/---
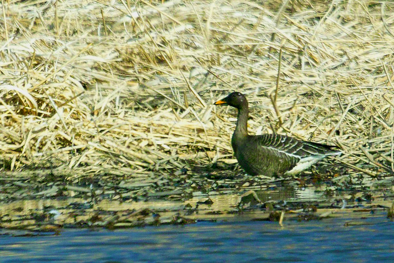 先週は、ガバ沼近くの多々良沼に来たマガンをご紹介しました。今回は、ガバ沼のヒシクイです。地元の方によると、このヒシクイはオオヒシクイ5羽と一緒にやってきたそうで、オオヒシクイが去った後も残っている個体です。国内で越冬するのは8割が亜種オオヒシクイだといわれていますので、亜種ヒシクイは珍しいカモの仲間といえます。絶滅危惧第U種に指定されています。 |
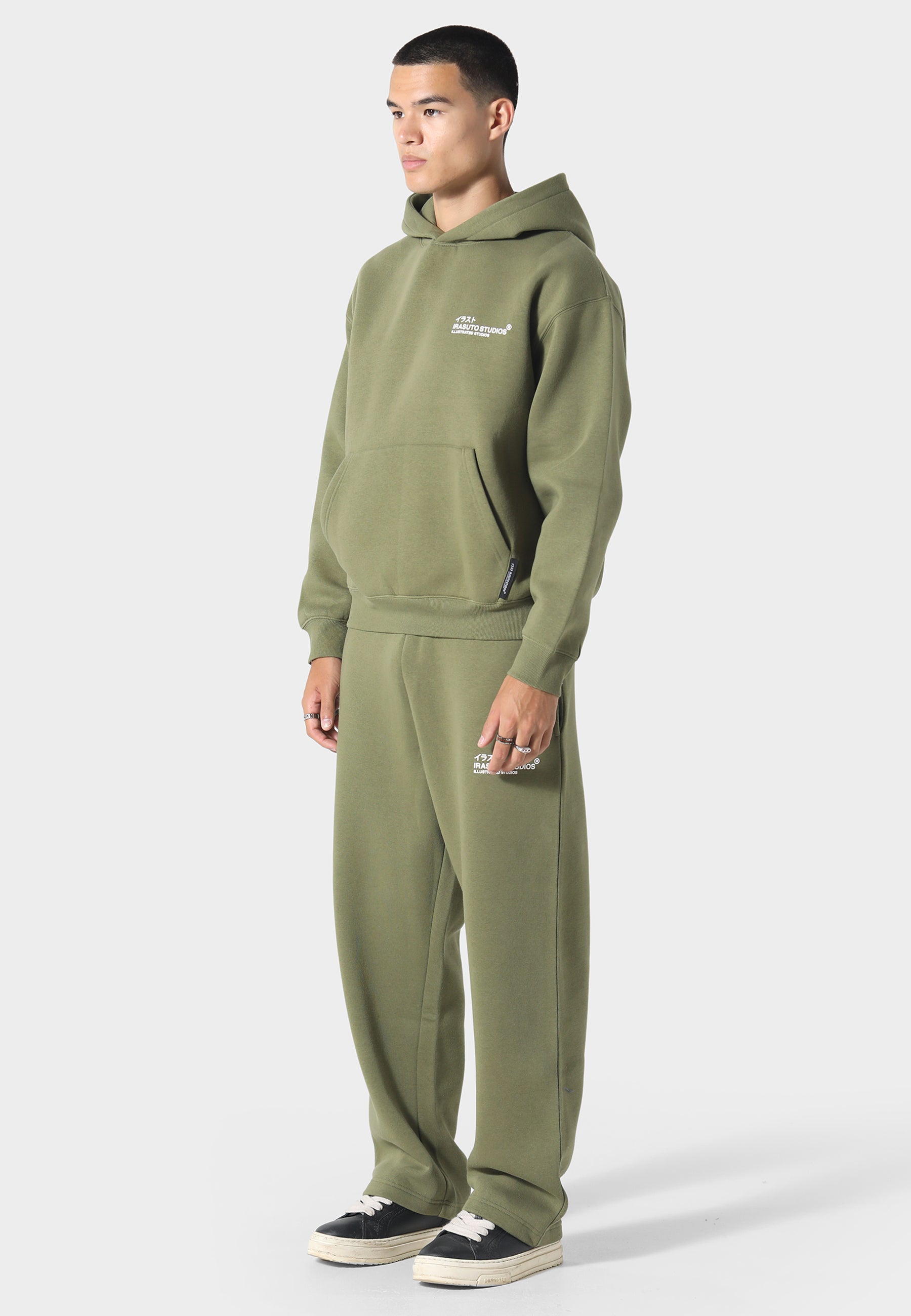 The Koi Khaki Hoodie is crafted from heavyweight brushback fabric, offering warmth with structure and softness. Featuring a minimalist chest logo on the front, the back showcases a flowing koi fish graphic — symbolizing strength and perseverance — accented by bold red puff print sun details. A relaxed fit and kangaroo pocket complete this elevated streetwear staple, where tradition meets modern form.
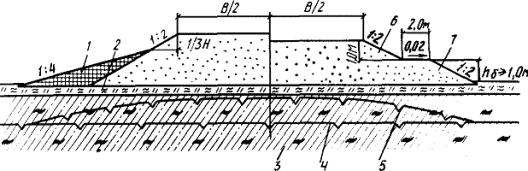где НГ - глубина сезонного оттаивания глинистого грунта насыпи, м; определяется по СНиП 2.02.04-88 или обязательному приложению 4; lиз, lм - коэффициенты теплопроводности соответственно мерзлых торфяного и глинистого грунтов насыпи, Вт/(м×К); определяются согласно СНиП 2.02.04-88. 3.50. На косогорных участках крутизной до 1:5, сложенных грунтами IV-V категорий просадочности, насыпи проектируют из крупнообломочных и песчаных, в том числе мерзлых, грунтов с бермой из теплоизоляционного материала (мохорастительный покров или торфяной грунт) с низовой стороны (рис. 12). Высота бермы должна составлять не менее половины высоты насыпи, рассчитываемой по первому принципу (см. обязательное приложение 4). Крутизну откосов назначают 1:2. 3.51. При проектировании по второму принципу земляное полотно конструируют в соответствии с поперечными профилями, приведенными на рис. 3 - 10. Допускается проектировать земляное полотно из местных глинистых грунтов из притрассовых или сосредоточенных резервов (рис. 13). В таких случаях верхнюю часть насыпи толщиной не менее 0,5 м предусматривают из крупнообломочного или песчаного грунта. При этом запрещается удалять или разрушать мохорастительный покров в основании насыпи. Крутизну откосов назначают 1:2. 3.52. Положение, размер и очертания резервов назначают согласно СНиП 2.05.02-85. Крутизну откосов резервов необходимо принимать не более 1:1,5 с учетом рекультивации. Рис.12. Поперечный профиль насыпи на льдонасыщенном
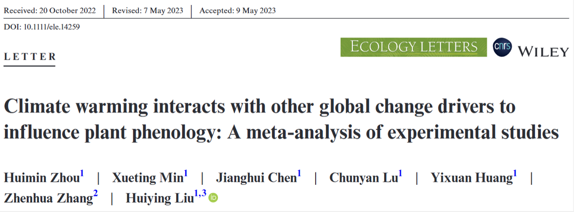 Ecology Letters 刊发暗网视频 刘慧颖研究团队科研成果
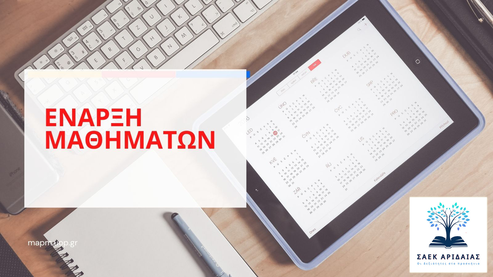 Έναρξη Μαθημάτων Χειμερινού Εξαμήνου στη ΣΑΕΚ ΑΡΙΔΑΙΑΣ – Τετάρτη 1 Οκτωβρίου
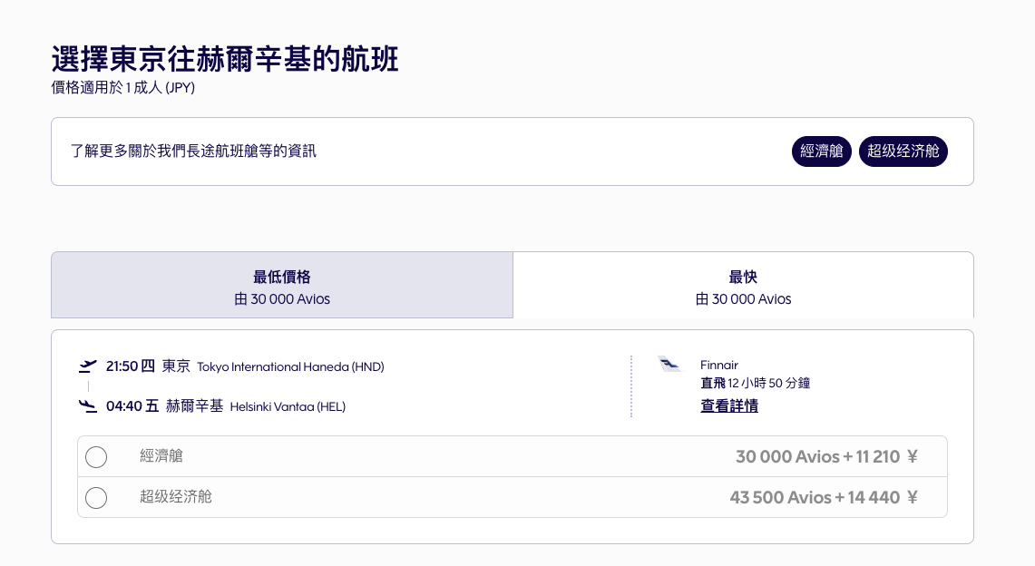 芬蘭航空avios哩程取得及計畫應用(高階)
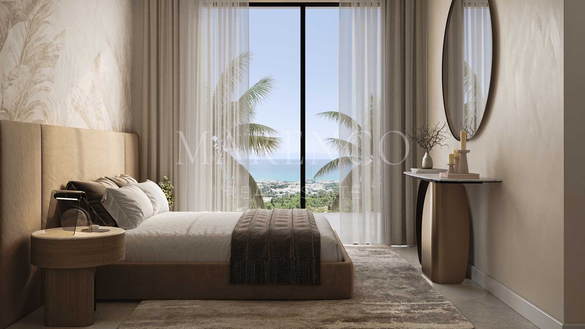 El complejo residencial se compone de 105 apartamentos, 14 garden villas y 14 sky villas, todos con un diseño moderno, sostenible y lleno de luz natural. Cada vivienda ofrece una distribución fluida, amplias terrazas panorámicas con vistas al mar y al valle, y acabados personalizables de alta gama. Con superficies generosas y materiales de primera calidad, cada detalle de Emerald View ha sido pensado para el confort y la sofisticación. Entre sus características más destacadas se incluyen suelos radiantes, sistema de aerotermia, aislamiento acústico y térmico de alta eficiencia, y grandes ventanales que maximizan la luminosidad natural.
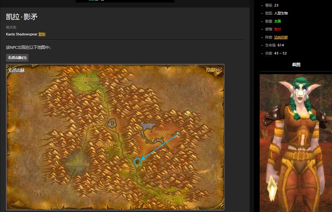 玩家可以在石爪山脉的凯拉影矛处接取到怒灵任务。
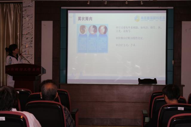 当日,普瑞眼科医院的医护人员在校医院一楼大厅开展义诊活动,现场为广大师生做了眼科方面的检查和诊断,副主任医师刘娜还在校医院四楼大会议室为校医院医护人员做了一场《关爱眼健康知识》的公益讲座。对常见眼病的症状,眼病的预防,治疗白内障如何选择人工晶体,激光近视治疗手术等方面做了专业的培训。
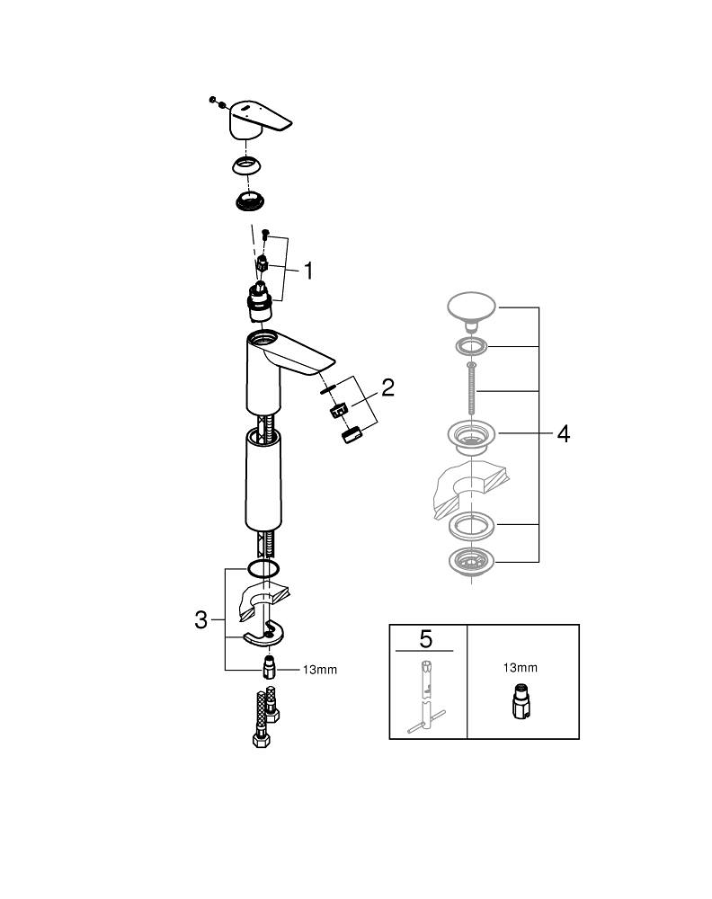 - Technologie GROHE Zero empêchant tout contact entre l’eau et l’alliage métallique
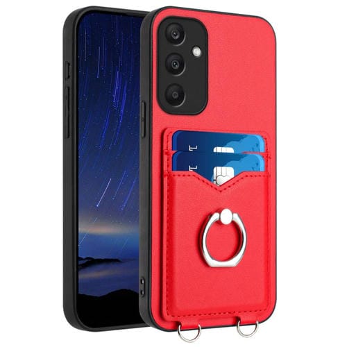 Estuche para Teléfono Samsung Galaxy A25 5G Global R20 con Soporte para Tarjeta y Anillo (Rojo)
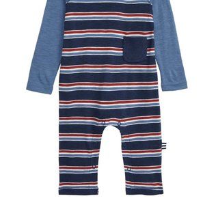Splendid Striped Raglan Sleeved Jumpsuit Neptune Blue. Keep your little one cozy in a sporty breathable jumpsuit crafted with a chest patch pocket. - Crew neck - Long raglan sleeves - Back snap buttons - Chest patch pocket - Colorblock stripes - Snaps between legs - Imported This item cannot be shipped to Canada. Fiber Content 60% cotton, 40% modal Materials 60% Cotton 40% Modal Care Machine Wash Cold Tumble Dry Low
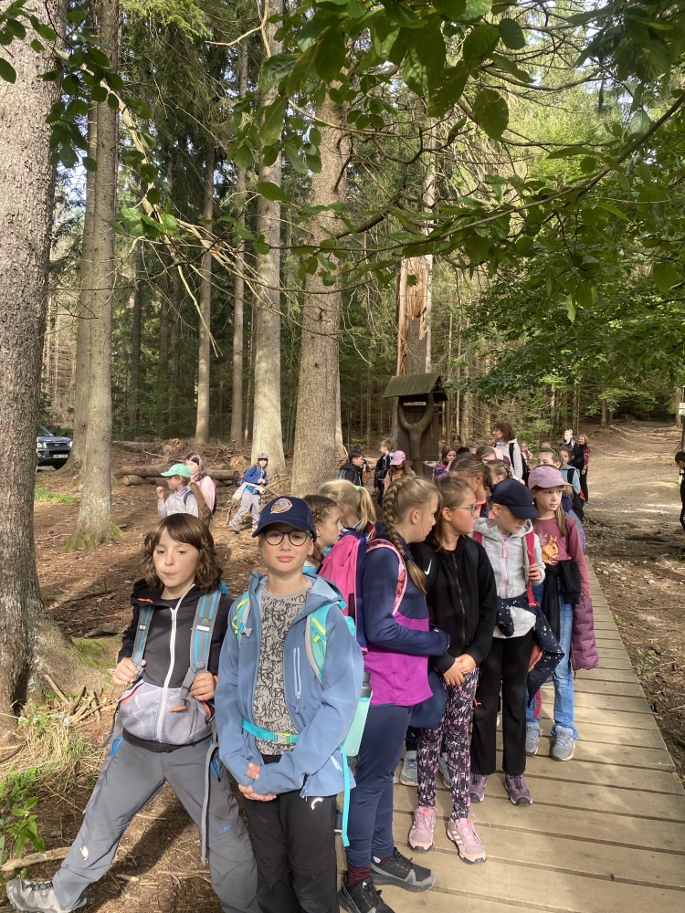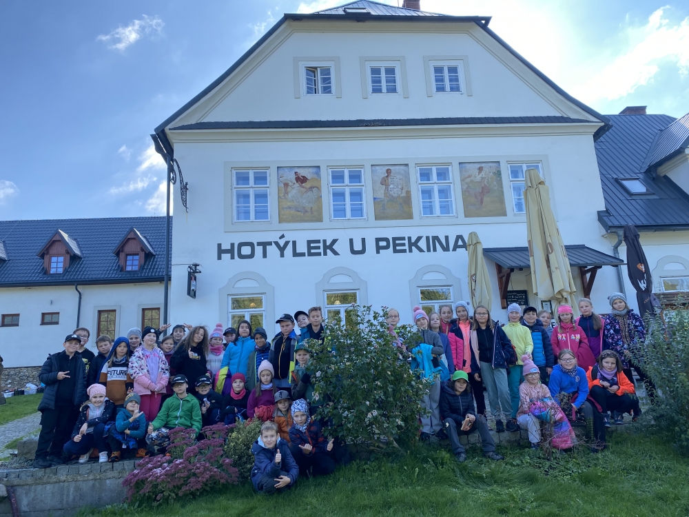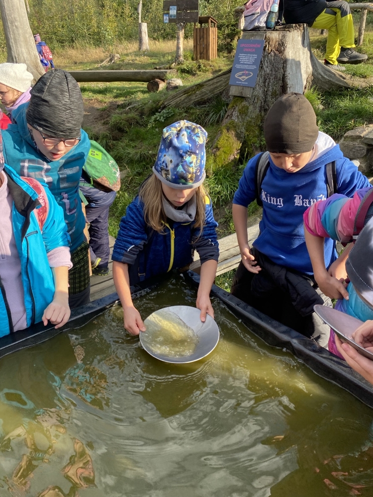 V neděli 28. 9. vyrazili čtvrťáci na ozdravný pobyt a za poznáváním přírodních krás Jeseníků. Navštívili národní přírodní rezervaci Rejvíz a prošli naučnou stezkou k Velkému mechovému jezírku, vyšlápli si do Zlatých Hor a také ke Zlatorudným mlýnům, kde je zkušený průvodce seznámil s historií dobývání zlata v okolí Zlatých Hor a mohli si vyzkoušet, jak se zlato rýžovalo.
\---
*EXERCISE PROMPT*: Please transcribe exactly the lines from the start of the records through the line containing "The Koi Khaki", leaving the pictures out.

*COMPLETED EXERCISE*:
 先週は、ガバ沼近くの多々良沼に来たマガンをご紹介しました。今回は、ガバ沼のヒシクイです。地元の方によると、このヒシクイはオオヒシクイ5羽と一緒にやってきたそうで、オオヒシクイが去った後も残っている個体です。国内で越冬するのは8割が亜種オオヒシクイだといわれていますので、亜種ヒシクイは珍しいカモの仲間といえます。絶滅危惧第U種に指定されています。 |
 The Koi Khaki Hoodie is crafted from heavyweight brushback fabric, offering warmth with structure and softness. Featuring a minimalist chest logo on the front, the back showcases a flowing koi fish graphic — symbolizing strength and perseverance — accented by bold red puff print sun details. A relaxed fit and kangaroo pocket complete this elevated streetwear staple, where tradition meets modern form.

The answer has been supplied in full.